Granular is a format for datasets, from simple to complex. Each Granular dataset is a collection of linked files in bag file format, a seekable container structure. Granular comes with a high-performance data loader.

pip install granular

Features

🚀 Performance: High read and write throughput locally and on Cloud.
🔎 Seeking: Fast random access from disk by datapoint index.
🎞️ Sequences: Datapoints can contain seekable lists of modalities.
🤸 Flexibility: User provides encoders and decoders; examples available.
👥 Sharding: Store datasets into shards to split processing workloads.
🔄 Determinism: Deterministic and resumable global shuffling per epoch.
✅ Correctness: A suite of unit tests with high code coverage.

Quickstart

import pathlib
import granular
import numpy as np

directory = './dataset'

Writing

spec = {
    'foo': 'int',      # integer
    'bar': 'utf8[]',   # *list* of strings
    'baz': 'msgpack',  # packed structure
    'abc': 'jpg',      # image
    'xyz': 'array',    # array
}

with granular.DatasetWriter(directory, spec, granular.encoders) as writer:
  for i in range(10):
    datapoint = {
        'foo': i,
        'bar': ['hello'] * i,
        'baz': {'a': 1},
        'abc': np.zeros((60, 80, 3), np.uint8),
        'xyz': np.arange(0, 1 + i, np.float32),
    }
    writer.append(datapoint)

print(list(directory.glob('*')))
# ['spec.json', 'refs.bag', 'foo.bag', 'bar.bag', 'baz.bag', 'abc.bag', 'xyz.bag']

Reading

with granular.DatasetReader(directory, granular.decoders) as reader:
  print(reader.spec)    # {'foo': 'int', 'bar': 'utf8[]', 'baz': 'msgpack', ...}
  print(reader.size)    # Dataset size in bytes
  print(len(reader))    # Number of datapoints

  datapoint = reader[2]
  print(datapoint['foo'])        # 2
  print(datapoint['bar'])        # ['hello', 'hello']
  print(datapoint['abc'].shape)  # (60, 80, 3)
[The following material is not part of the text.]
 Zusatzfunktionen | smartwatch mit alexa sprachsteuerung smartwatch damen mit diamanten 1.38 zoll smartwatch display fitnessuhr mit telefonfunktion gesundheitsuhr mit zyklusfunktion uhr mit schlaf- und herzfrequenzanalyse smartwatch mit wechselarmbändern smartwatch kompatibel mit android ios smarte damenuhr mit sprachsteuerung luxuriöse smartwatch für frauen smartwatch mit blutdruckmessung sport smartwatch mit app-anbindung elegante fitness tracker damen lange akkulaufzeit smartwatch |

def preproc(datapoint, seed):
  return {'image': datapoint['abc'], 'label': datapoint['foo']}

source = granular.sources.Epochs(reader, shuffle=True, seed=0)
source = granular.sources.Transform(source, preproc)
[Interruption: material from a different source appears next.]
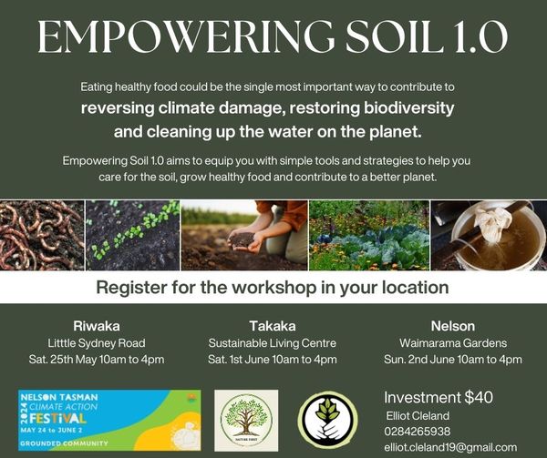 Registrations details HERE. This workshop is also organised on the 1st of June in Takaka and on the 2nd in Nelson. See the full program for registrations details for those workshops.

loader = granular.Loader(source, batch=8, workers=64)

print(loader.spec)
# {'image': (np.uint8, (60, 80, 3)), 'label': (np.int64, ())}

dataset = iter(loader)
for _ in range(100):
  batch = next(dataset)
  print(batch['image'].shape)  # (8, 60, 80, 3)

Advanced

Filesystems

Custom filesystems are supported by providing different Path implementations. For example, on Google Cloud you can use the Path from elements that is optimized for data loading throughput:

import elements  # pip install elements

directory = elements.Path('gs://<bucket>/dataset')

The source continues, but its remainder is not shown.